Al día siguiente dimos muerte a numerosos francos, en efecto, y luego descansamos en una plaza fuerte de Ban situada en la cima de un monte; con las heridas vendadas y habiendo afilado de nuevo las abolladas espadas, regresamos al bosque. Sin embargo, semana a semana, mes a mes, la lucha iba replegándose hacia Ynys Trebes. El rey Ban pidió auxilio a su vecino, Budic de Brocelianda, pero Budic estaba fortificando sus propias fronteras y renunció a malgastar hombres en una causa perdida. Ban llamó a Arturo de nuevo y éste le envió una nave con un puñado de hombres, mas él no acudió. La guerra contra los sajones se lo impedía. A veces teníamos noticias de Britania, aunque solían ser escasas e imprecisas; supimos que nuevas hordas de sajones intentaban colonizar la tierra media y ofrecían gran resistencia en las fronteras de Dumnonia. Gorfyddyd, una gran amenaza cuando salí de Britania, no había hecho ningún movimiento últimamente debido a una peste terrible que asolaba su país. Los viajeros decían que hasta el mismo Gorfyddyd había caído enfermo y que seguramente no llegaría a final del año. La misma enfermedad que afligía a Gorfyddyd había terminado con la vida del prometido de Ceinwyn, un tal príncipe Rheged. Ignoraba incluso que la princesa se hubiera prometido de nuevo y confieso que sentí una alegría egoísta por la muerte del príncipe Rheged, pues así no se casaría con la estrella de Powys. De Ginebra, Nimue y Merlín, nada llegué a saber.
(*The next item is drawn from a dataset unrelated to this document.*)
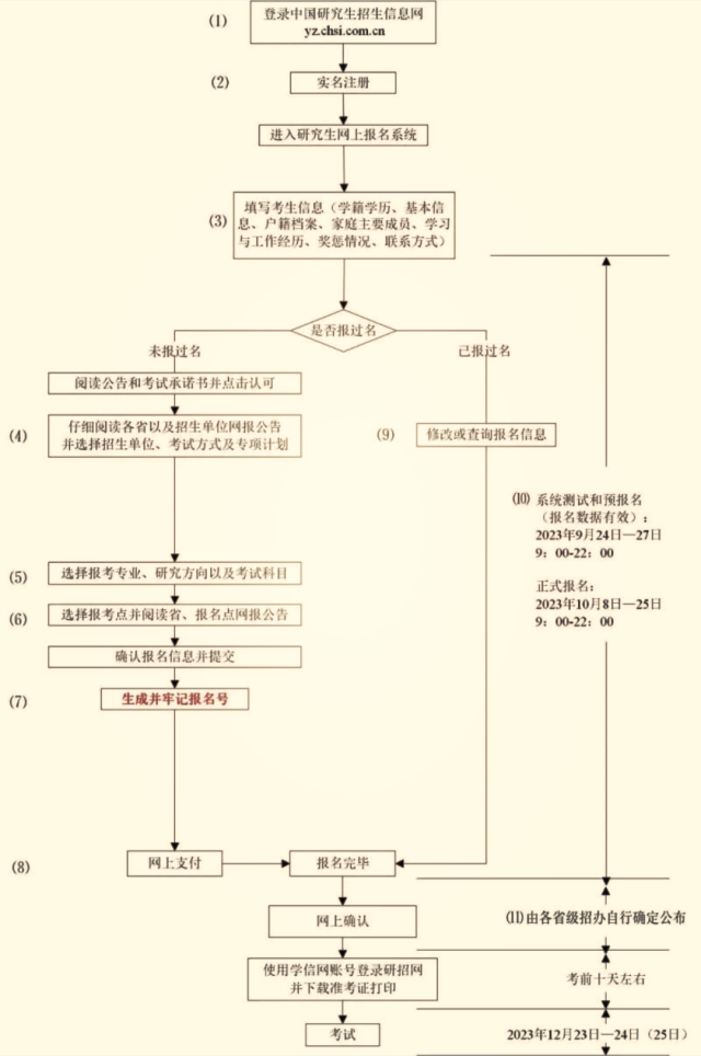 ?。?)考生應在規(guī)定時間登錄“中國研究生招生信息網”(網址:https://yz.chsi.com.cn)瀏覽報考須知,并按省級教育招生考試機構、報考點以及報考招生單位的網上公告要求報名;

El reino de Ban se desmoronaba. El último año faltaron brazos para recoger la cosecha, y al llegar el invierno hubimos de refugiarnos en una fortaleza en el extremo sur del reino, sobreviviendo de carne de venado, raíces, bayas y aves silvestres. De vez en cuando hacíamos una incursión en territorio franco, pero éramos como avispas empecinadas en matar a un toro a picotazos, pues los francos se multiplicaban por doquier. Sus hachas levantaban ecos en los bosques durante el invierno, a medida que limpiaban terrenos para levantar casas de labor y nuevas empalizadas de troncos limpiamente cortados que brillaban al pálido sol invernal.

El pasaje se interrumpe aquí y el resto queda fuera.